Nutritional Assessment of Renal Transplant Recipients Using DEXA and Biochemical ParametersGokul Ramani1*, Georgi Abraham2, Milly Mathew3 and Nancy Lesley4
- *Corresponding Author:
- Gokul Ramani
Tamil Nadu, India
E-mail: [email protected] com
Received date: August 14, 2013; Accepted date: March 17, 2014; Published date: March 27, 2014
Citation: Ramani G, Abraham G, Mathew M, Lesley N (2014) Nutritional Assessment of Renal Transplant Recipients Using DEXA and Biochemical Parameters. J Nutr Disorders Ther 4:134 doi:10.4172/2161-0509.1000134
Copyright: © 2014 Ramani G, et al. This is an open-access article distributed under the terms of the Creative Commons Attribution License, which permits unrestricted use, distribution, and reproduction in any medium, provided the original author and source are credited.

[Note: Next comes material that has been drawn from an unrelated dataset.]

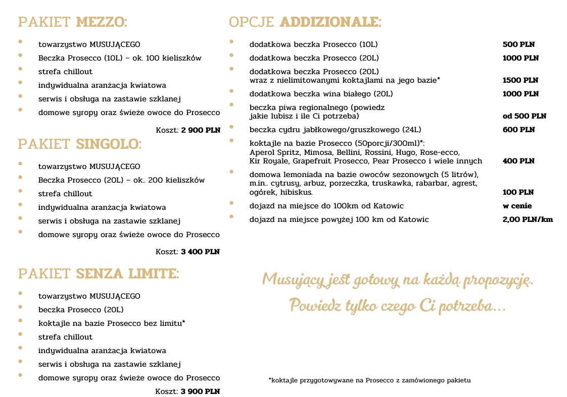 beczkę Prosecco (10L oraz 20L); - Prosecco zawsze serwowane jest na zastawie szklanej

Introduction and Aims: Malnutrition is frequently encountered in patients with CKD. Despite successful renal transplantation, malnutrition ensues. We evaluated the relationship between serum albumin levels, and various indicators of nutritional status.

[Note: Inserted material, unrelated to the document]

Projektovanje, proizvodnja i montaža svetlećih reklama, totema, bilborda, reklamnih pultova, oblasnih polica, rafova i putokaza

Methods: We did a retrospective study of 249 post-transplant patients who successfully underwent renal transplantation (between1995-2012) at a tertiary care center. Serum parameters such as albumin (bromocresol green Method) hemoglobin, electrolytes, creatinine, prednisolone dose and presence of diabetes mellitus were analyzed. Lifestyle factors such as smoking, alcohol and diet, BMI were also looked at. We classified Serum Albumin as <3-3. 4 g/dL, 3. 5-3.9 g/dL, and more than 4 g/dL. We classified BMI as per WHO guidelines. Dual Energy X-Ray Absorptiometry was used to evaluate body composition, including lean body mass, fat body mass and fat percentage. Descriptive statistics, co-relational statistics and Pearson’s Chi-Square test was used.

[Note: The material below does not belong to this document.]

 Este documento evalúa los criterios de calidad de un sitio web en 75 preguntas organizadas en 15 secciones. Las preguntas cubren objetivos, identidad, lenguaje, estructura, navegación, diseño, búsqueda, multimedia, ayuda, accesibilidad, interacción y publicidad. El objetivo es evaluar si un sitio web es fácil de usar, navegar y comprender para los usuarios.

Results: Among the 150 Males and 99 females, the mean age was 46 ± 13 years. The mean serum albumin value was 3. 6 ± 0.6 g/dL. 10% had a normal BMI, 62% Pre Obese, 21% Class 1 Obese, 5% Class 2 Obese, and 2% Class 3 Obese. A meat-based diet was ingested by 76% of our study group, and 24% were pure vegetarians. The mean dose of prednisolone taken was 20 ± 10 mg/day. 5% of the transplant patients were deceased and 1% had a failed graft. On follow up we found a significant positive correlation between serum albumin and hemoglobin (p=0. 002), LDL (p=0.046), Fat% (p=0.032) and a meat-based diet (p=0.032). A serum albumin value of>4g/dL was observed in 46% of those ingesting a meat-based diet, in contrast to 25% pure vegetarians. 66% of the vegetarians had a serum albumin value ranging from <3-3. 4 g/dL. There were negative correlations between prednisolone dose and serum albumin (p=0.005), FM (p=0. 006), Fat% (p=0. 002) and serum Creatinine (p=0.013). A positive correlation between hemoglobin levels and LDL (p=0.005), FM (p= 0.004), HCO3- (p=0. 015) and Cl-(p=0.012), and hemoglobin levels and potassium levels (p=0.015) were observed. No significant co-relation was observed between serum albumin and patient survivals.
Conclusions: Serum albumin varies with diet, and is significantly higher among those eating a meat-based diet following transplant. Post-transplant mild obesity was prevalent in 62% of our study group. A higher fat content was associated with higher serum albumin levels, which may reflect a better nutritional status. Lower maintenance doses of prednisolone may improve the Albumin Levels. A further randomized controlled trial looking at the role of protein supplementation in vegetarians following renal transplantation as well as evaluating the effect of lowered prednisolone dose is warranted.